Application Permissions Access Risks
- Developers grant wide-ranging admin consent (e.g.,
User.ReadWrite.All
) for convenience. - Secrets or certificates stored insecurely in code repositories.
- Attack scenario: A leaked client secret for an app with
Directory.ReadWrite.All
allows silent privilege escalation—creating shadow accounts or modifying security settings, without triggering MFA or user prompts.
At the core, the danger lies not in the permission model itself, but in granting broader access than necessary.
Best Practices for Securing Entra ID App Access
1. Enforce Least Privilege
- Assign only the minimum necessary scopes.
Avoid tenant-wide permissions like*.All
unless absolutely required. - Use incremental consent for delegated apps requesting additional permissions only when needed.
2. Choose the Right Permission Type
- Match the application’s use case to the appropriate access model:
- Delegated: When user context and consent are required.
- App-Only: When no user is involved (e.g., automation or reporting).
- Document and review permission mappings for each integration.
3. Control and Review User Consent
- Configure admin consent workflows in Microsoft Entra ID so that sensitive permissions require approval.
- Disable or limit user consent for external or unverified applications.
- Periodically audit app permissions and consents in the Enterprise Applications → Permissions and Consent blade.

4. Secure App Credentials
- Use certificates or managed identities instead of client secrets whenever possible.
- Restrict client secret creation using Application policies.
- Rotate credentials periodically and avoid embedding them in code or configuration files.

5. Monitor and Audit Regularly
- Review service principals and remove unused app registrations.
- Monitor Sign-In logs and Audit logs for anomalous activity.
- Implement alerting for new high-privilege app consents or app registrations.
6. Educate Users and Developers
- Train users to recognize suspicious consent prompts.
- Instruct developers to request the narrowest scopes possible during app design.
- Embed a security review checkpoint into your app registration workflow.
Conclusion
In my years administering Microsoft Entra ID, I’ve learned one universal truth: application vendors rarely understand the full implications of the permissions their apps request.
I’ve seen requests that could make any security admin’s coffee go cold, like an app demanding Mail.ReadWrite
and Mail.Send
for every mailbox in the tenant. Yes, every single one. Including the CEO’s.
When I questioned the vendor about it, their response was priceless:
“Sure, we ask for those permissions, but it doesn’t mean we’ll actually use them.”
Of course. Because that’s exactly how least privilege works, right? Ask for the kingdom, but promise you’ll only open the gate occasionally.
It took hours of discussion (and a few deep breaths) to walk them through why that approach was a terrible idea.

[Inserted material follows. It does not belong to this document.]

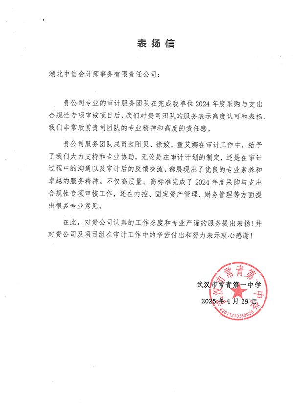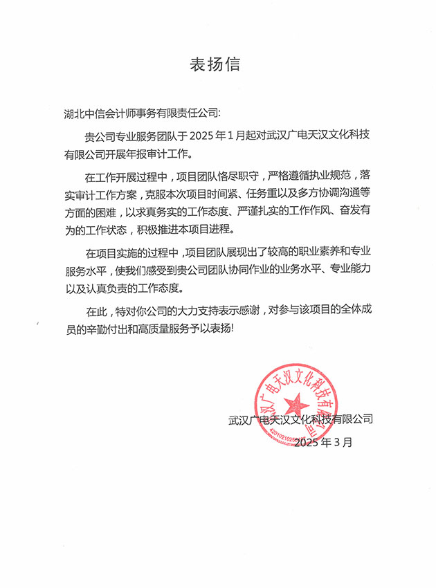 武漢哈工潮江產(chǎn)業(yè)發(fā)展有限公司表揚信

This experience reinforced a simple but critical lesson: always verify what permissions an application is requesting and why. Blindly granting broad scopes doesn’t just expand functionality, it expands your attack surface.
Doing due diligence before approving access, verifying scopes, questioning necessity, and understanding the real reach of permissions, isn’t just best practice; it’s the difference between secure automation and unintentional data sprawl.